→ **Your objective**: Give back exactly the stretch of data below from the line holding "A daffodil in" through the line holding "本案設計重點在於「引光入室」", both ends included, and leave the remaining lines out.

→ **The data**:
▽

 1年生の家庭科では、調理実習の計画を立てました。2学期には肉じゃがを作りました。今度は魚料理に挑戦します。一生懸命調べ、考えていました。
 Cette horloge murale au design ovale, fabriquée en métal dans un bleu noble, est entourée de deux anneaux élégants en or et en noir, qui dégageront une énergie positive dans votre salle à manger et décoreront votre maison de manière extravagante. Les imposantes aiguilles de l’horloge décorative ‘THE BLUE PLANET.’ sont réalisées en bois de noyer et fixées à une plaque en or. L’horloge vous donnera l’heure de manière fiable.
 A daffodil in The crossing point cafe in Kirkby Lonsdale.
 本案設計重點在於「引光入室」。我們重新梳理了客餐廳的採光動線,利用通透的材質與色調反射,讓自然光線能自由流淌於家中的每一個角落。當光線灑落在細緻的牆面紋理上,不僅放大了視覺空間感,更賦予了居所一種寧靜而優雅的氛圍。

△
▽

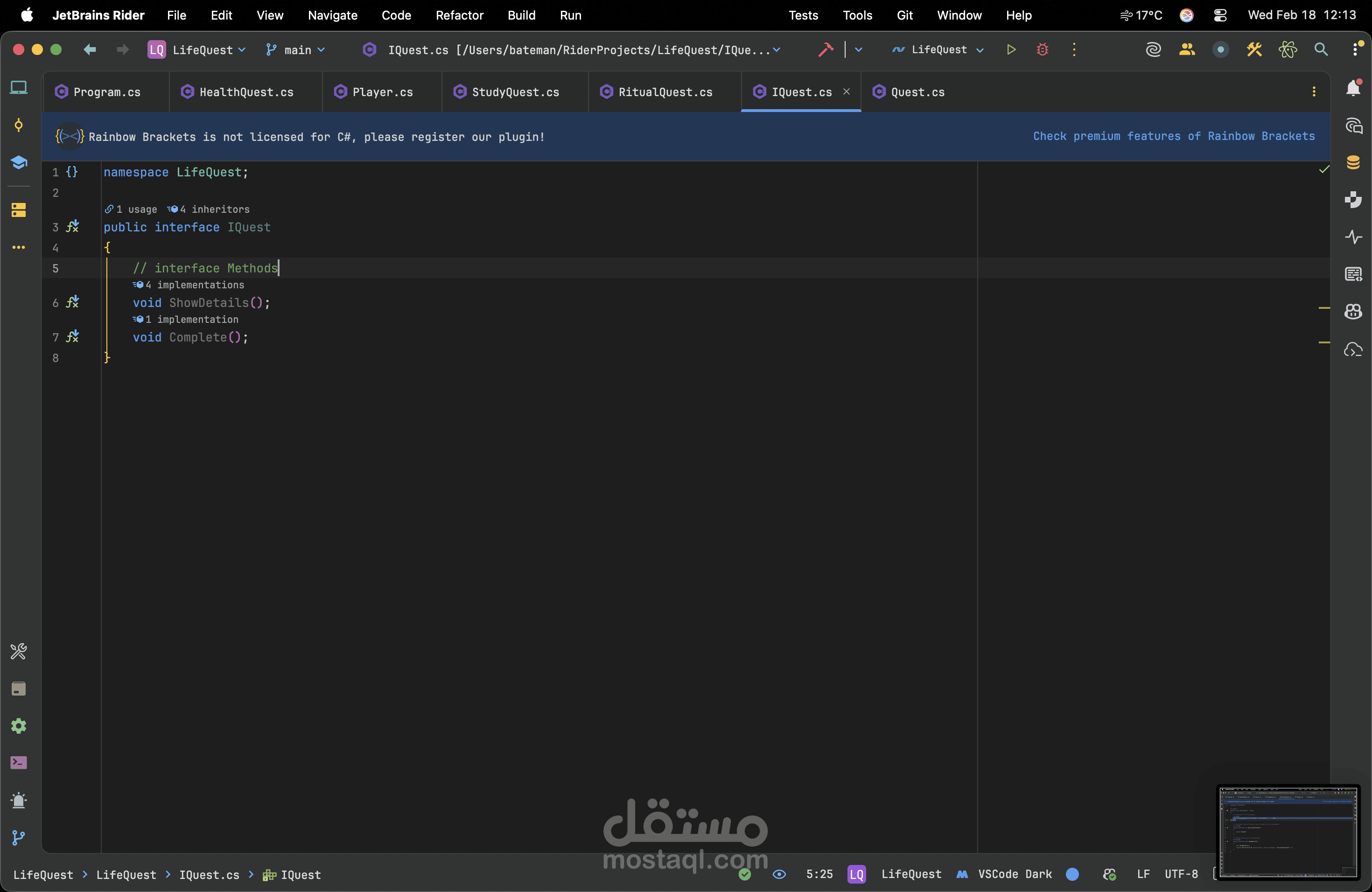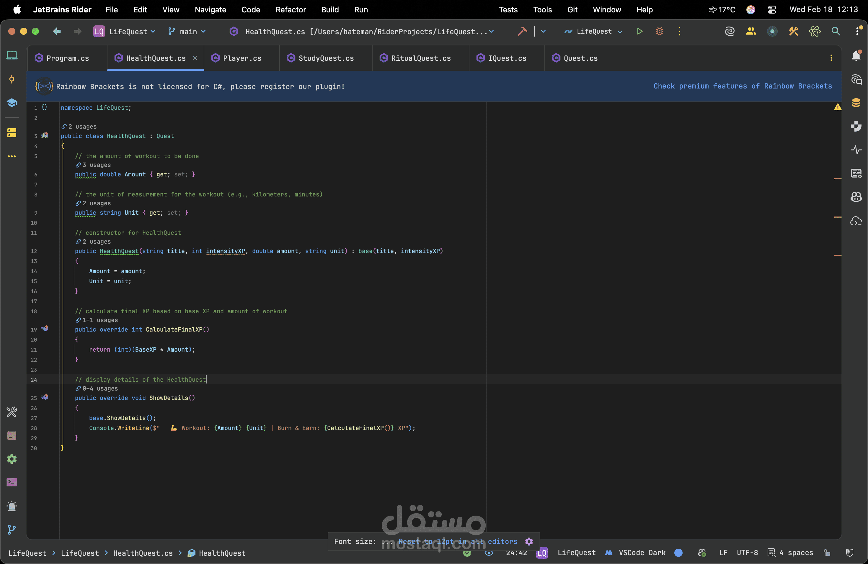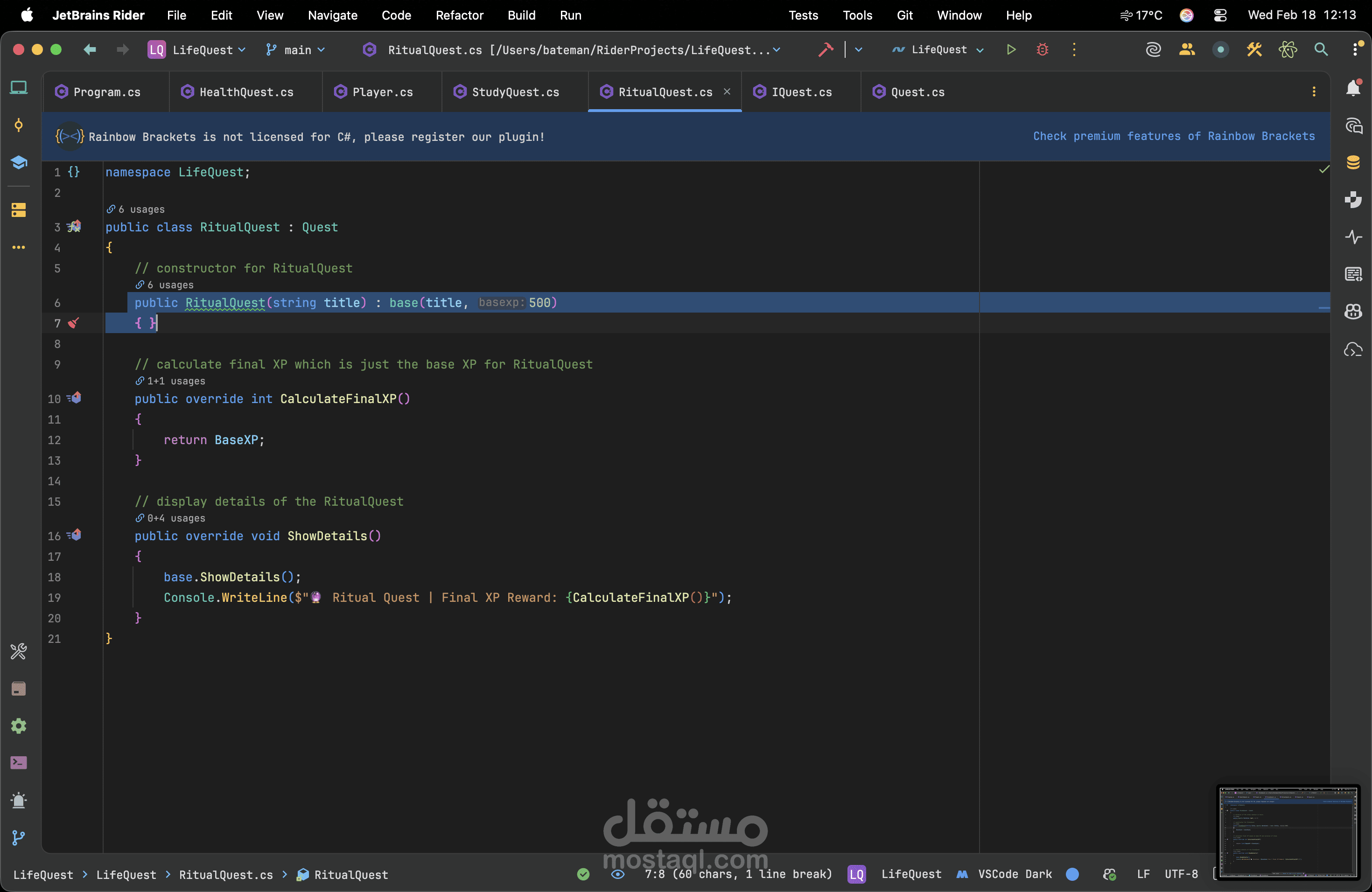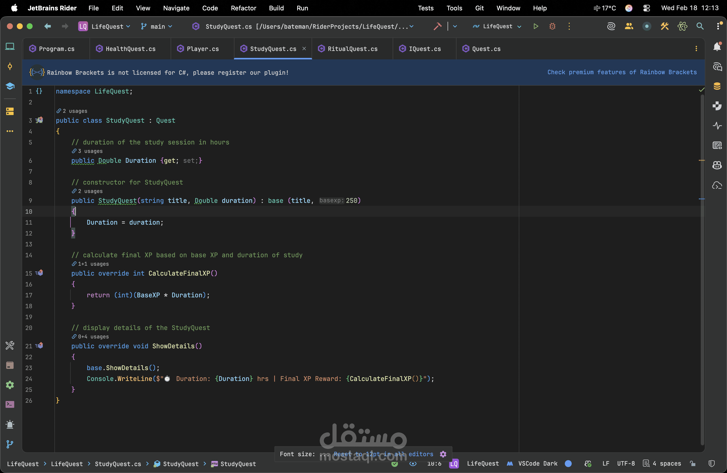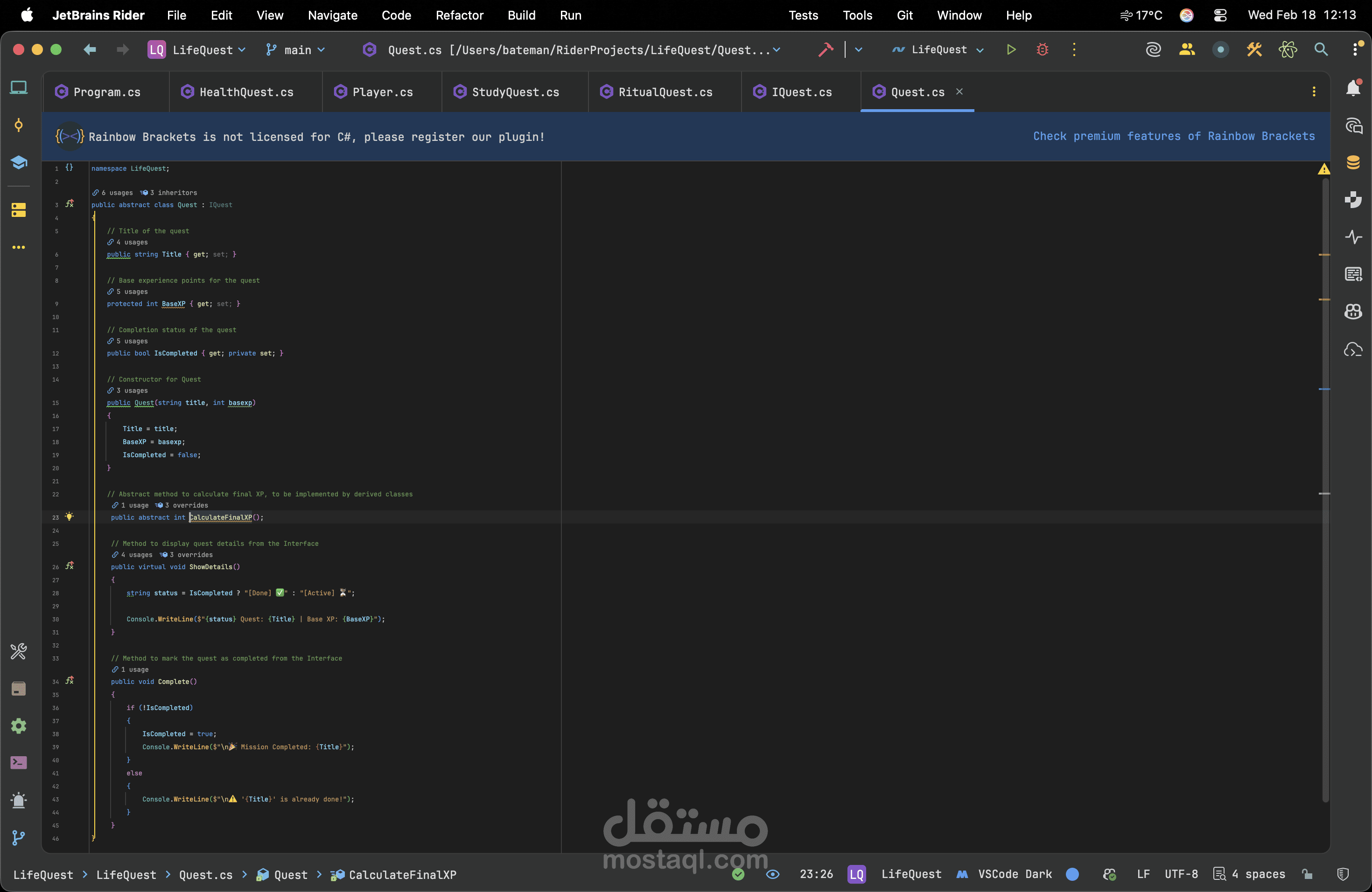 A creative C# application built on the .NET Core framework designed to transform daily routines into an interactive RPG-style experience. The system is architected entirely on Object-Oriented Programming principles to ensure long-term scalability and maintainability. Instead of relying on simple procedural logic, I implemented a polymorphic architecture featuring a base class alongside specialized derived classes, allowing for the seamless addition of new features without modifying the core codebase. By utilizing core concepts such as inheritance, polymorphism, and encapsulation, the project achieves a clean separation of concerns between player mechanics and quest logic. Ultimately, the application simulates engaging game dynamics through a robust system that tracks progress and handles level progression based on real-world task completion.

△

→ **Exercise response**:
 A daffodil in The crossing point cafe in Kirkby Lonsdale.
 本案設計重點在於「引光入室」。我們重新梳理了客餐廳的採光動線,利用通透的材質與色調反射,讓自然光線能自由流淌於家中的每一個角落。當光線灑落在細緻的牆面紋理上,不僅放大了視覺空間感,更賦予了居所一種寧靜而優雅的氛圍。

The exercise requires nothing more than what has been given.